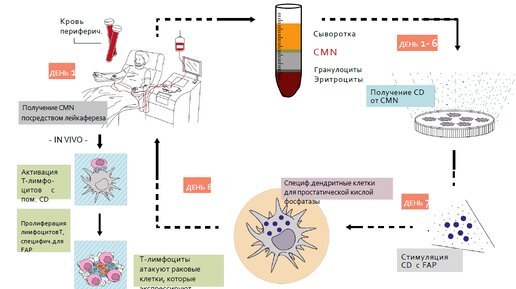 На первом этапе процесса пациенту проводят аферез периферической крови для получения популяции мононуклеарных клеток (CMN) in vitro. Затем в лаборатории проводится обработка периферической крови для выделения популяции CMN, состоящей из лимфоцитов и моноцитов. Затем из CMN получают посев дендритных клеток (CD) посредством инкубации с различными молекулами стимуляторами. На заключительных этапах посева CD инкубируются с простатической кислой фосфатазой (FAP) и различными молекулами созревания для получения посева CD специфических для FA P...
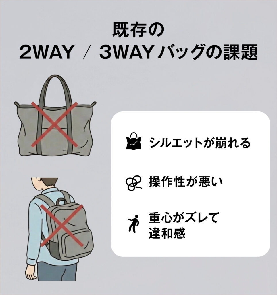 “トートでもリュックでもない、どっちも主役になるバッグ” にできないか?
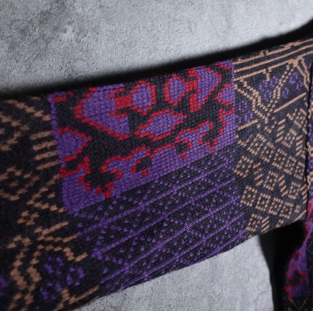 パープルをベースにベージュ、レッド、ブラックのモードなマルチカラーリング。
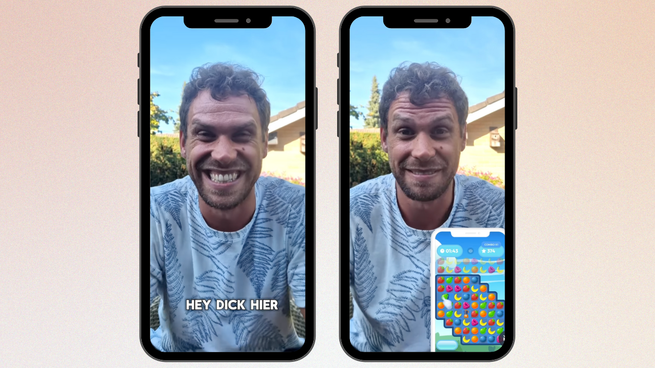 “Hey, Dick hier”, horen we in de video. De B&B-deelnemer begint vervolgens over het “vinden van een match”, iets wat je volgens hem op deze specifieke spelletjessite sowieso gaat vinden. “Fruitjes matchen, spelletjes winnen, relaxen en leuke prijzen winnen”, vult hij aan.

..............................

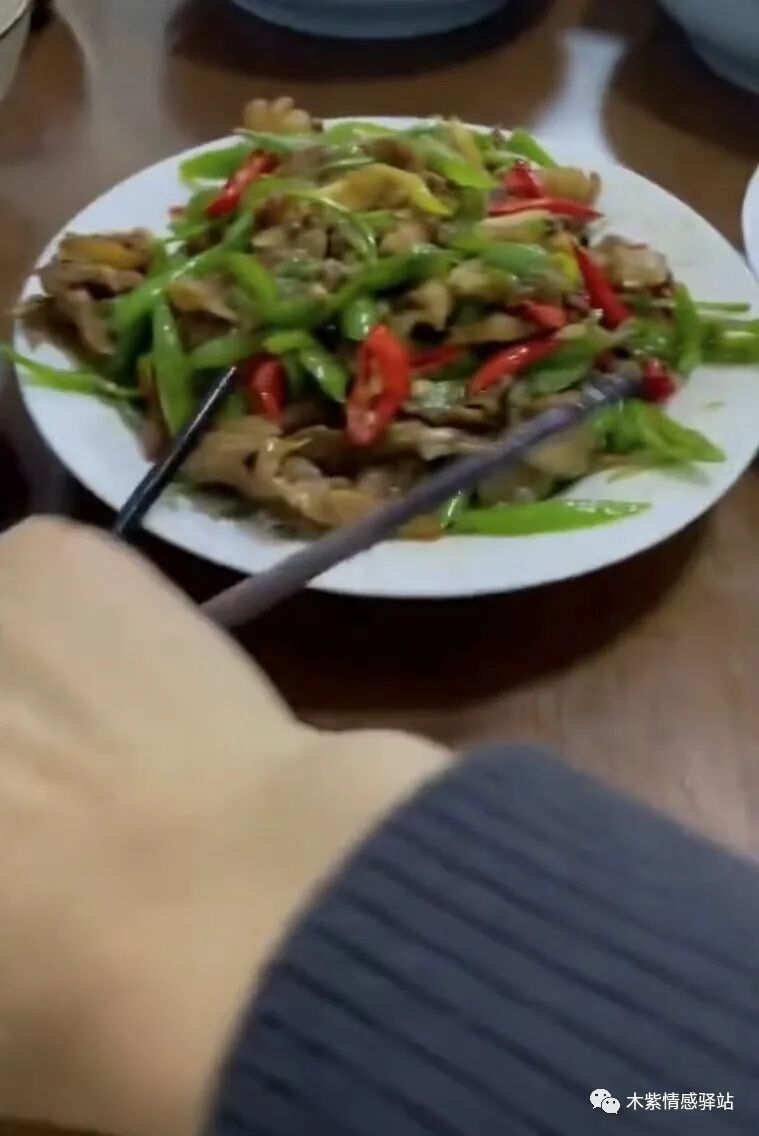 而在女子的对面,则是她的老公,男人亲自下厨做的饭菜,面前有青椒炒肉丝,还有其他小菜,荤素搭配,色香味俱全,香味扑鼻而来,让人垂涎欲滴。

..............................

◆ AIM OF THE EXERCISE
Repeat, without pictures, exactly the lines of the data above from the one containing "На первом этапе" through the one containing "vult hij aan.", including both and adding nothing.

◆ ANSWER FOR THIS EXERCISE
 На первом этапе процесса пациенту проводят аферез периферической крови для получения популяции мононуклеарных клеток (CMN) in vitro. Затем в лаборатории проводится обработка периферической крови для выделения популяции CMN, состоящей из лимфоцитов и моноцитов. Затем из CMN получают посев дендритных клеток (CD) посредством инкубации с различными молекулами стимуляторами. На заключительных этапах посева CD инкубируются с простатической кислой фосфатазой (FAP) и различными молекулами созревания для получения посева CD специфических для FA P...
 “トートでもリュックでもない、どっちも主役になるバッグ” にできないか?
 パープルをベースにベージュ、レッド、ブラックのモードなマルチカラーリング。
 “Hey, Dick hier”, horen we in de video. De B&B-deelnemer begint vervolgens over het “vinden van een match”, iets wat je volgens hem op deze specifieke spelletjessite sowieso gaat vinden. “Fruitjes matchen, spelletjes winnen, relaxen en leuke prijzen winnen”, vult hij aan.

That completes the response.